### What to work on
Skip the pictures. Output only the lines below starting at the line with "Koyununun tek seferde" and ending at the line with "5-6 , 6 - answersVolume", both ends included, exactly as they are.

Stored items:
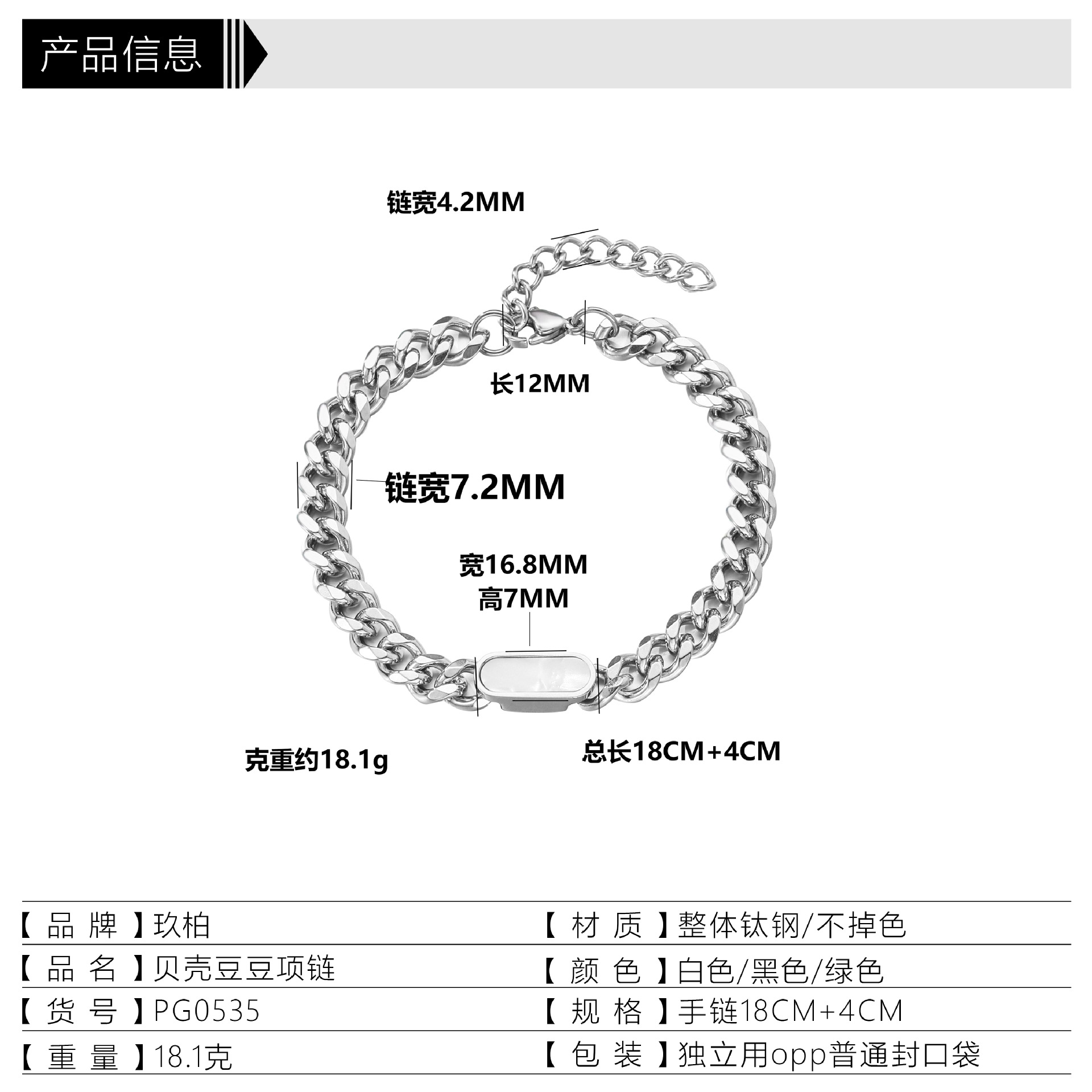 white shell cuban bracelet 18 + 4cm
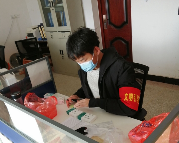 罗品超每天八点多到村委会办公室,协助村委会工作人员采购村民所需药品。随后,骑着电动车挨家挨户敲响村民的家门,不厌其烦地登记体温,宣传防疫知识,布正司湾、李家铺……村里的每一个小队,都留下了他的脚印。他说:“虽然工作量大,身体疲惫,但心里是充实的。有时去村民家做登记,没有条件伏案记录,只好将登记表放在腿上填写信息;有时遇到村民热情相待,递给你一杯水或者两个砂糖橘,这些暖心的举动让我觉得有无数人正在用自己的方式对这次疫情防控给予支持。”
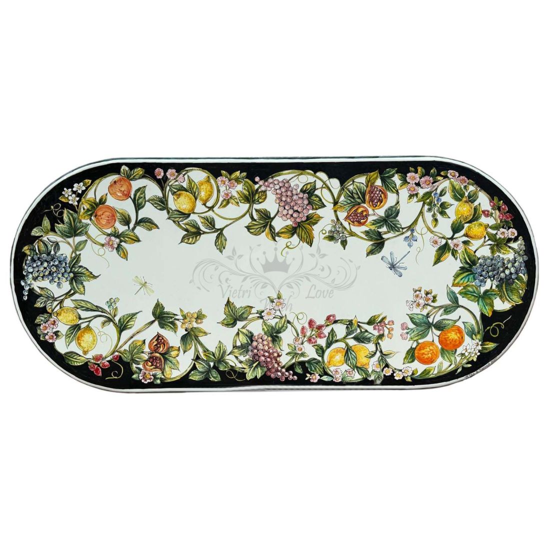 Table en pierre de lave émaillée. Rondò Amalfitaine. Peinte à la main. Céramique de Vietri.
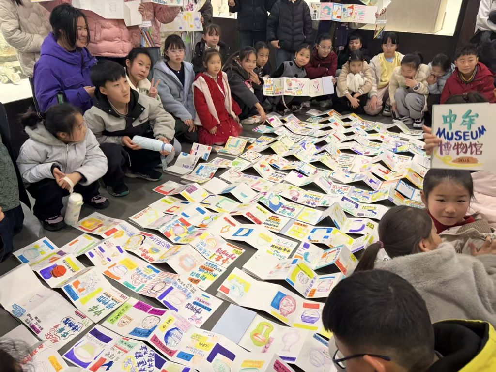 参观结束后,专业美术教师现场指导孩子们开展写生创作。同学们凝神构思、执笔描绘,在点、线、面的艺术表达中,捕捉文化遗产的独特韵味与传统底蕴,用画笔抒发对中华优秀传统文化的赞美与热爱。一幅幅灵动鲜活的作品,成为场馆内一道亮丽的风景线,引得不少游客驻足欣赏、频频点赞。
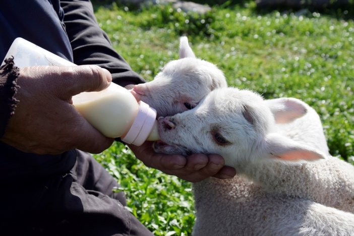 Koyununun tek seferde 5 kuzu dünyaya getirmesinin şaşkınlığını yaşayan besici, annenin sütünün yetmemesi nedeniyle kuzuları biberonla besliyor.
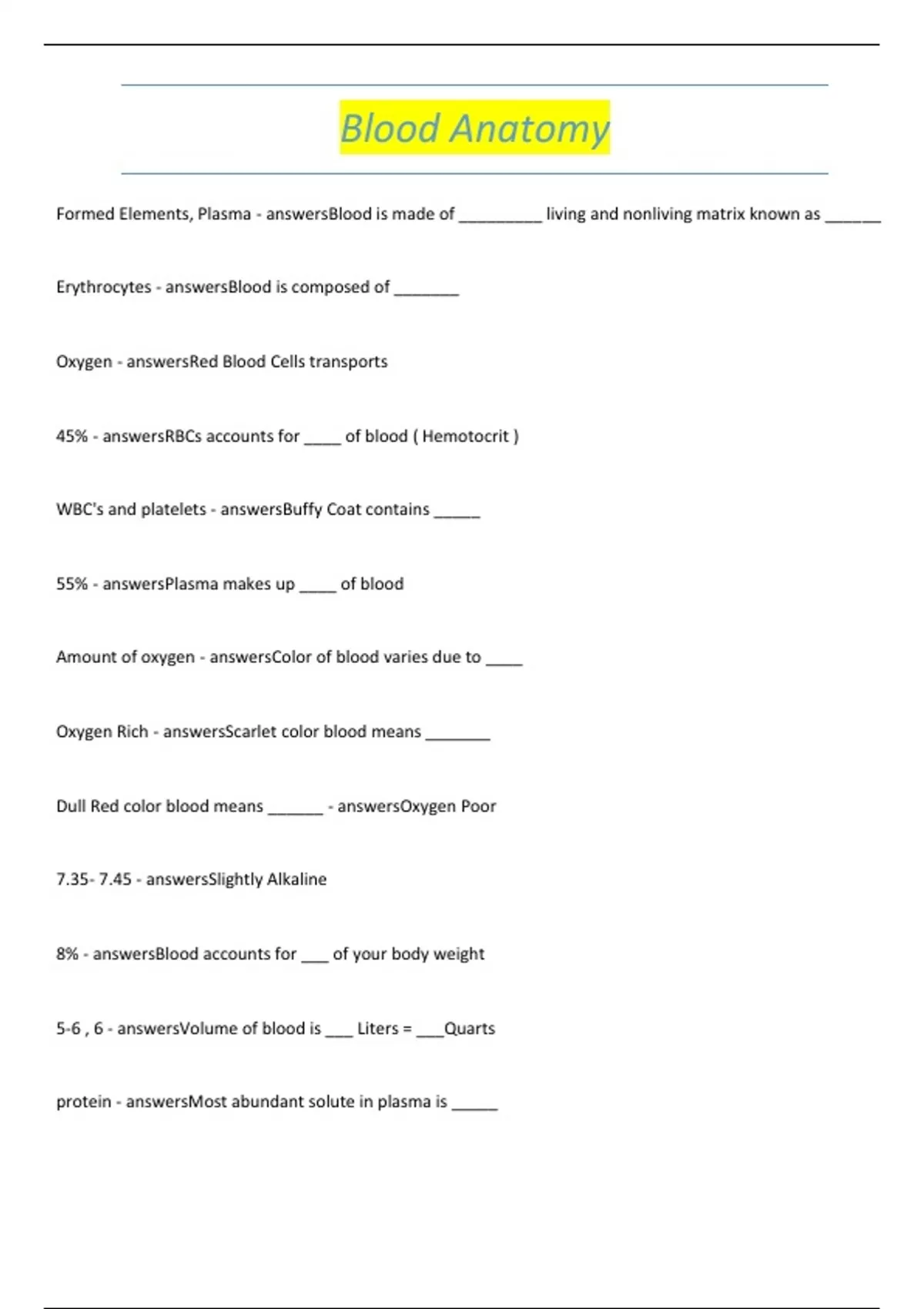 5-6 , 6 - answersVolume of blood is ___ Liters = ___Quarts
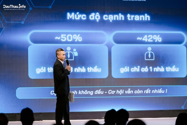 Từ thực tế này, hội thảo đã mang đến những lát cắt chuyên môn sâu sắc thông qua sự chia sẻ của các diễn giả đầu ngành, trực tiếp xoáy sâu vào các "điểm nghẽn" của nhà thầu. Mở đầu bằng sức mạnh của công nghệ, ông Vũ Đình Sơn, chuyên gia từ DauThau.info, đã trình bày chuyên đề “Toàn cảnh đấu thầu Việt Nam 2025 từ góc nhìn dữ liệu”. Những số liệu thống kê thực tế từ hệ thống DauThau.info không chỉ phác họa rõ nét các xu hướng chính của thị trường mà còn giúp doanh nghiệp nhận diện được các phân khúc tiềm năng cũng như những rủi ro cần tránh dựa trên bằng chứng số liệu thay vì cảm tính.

### Expected answer
 Koyununun tek seferde 5 kuzu dünyaya getirmesinin şaşkınlığını yaşayan besici, annenin sütünün yetmemesi nedeniyle kuzuları biberonla besliyor.
 5-6 , 6 - answersVolume of blood is ___ Liters = ___Quarts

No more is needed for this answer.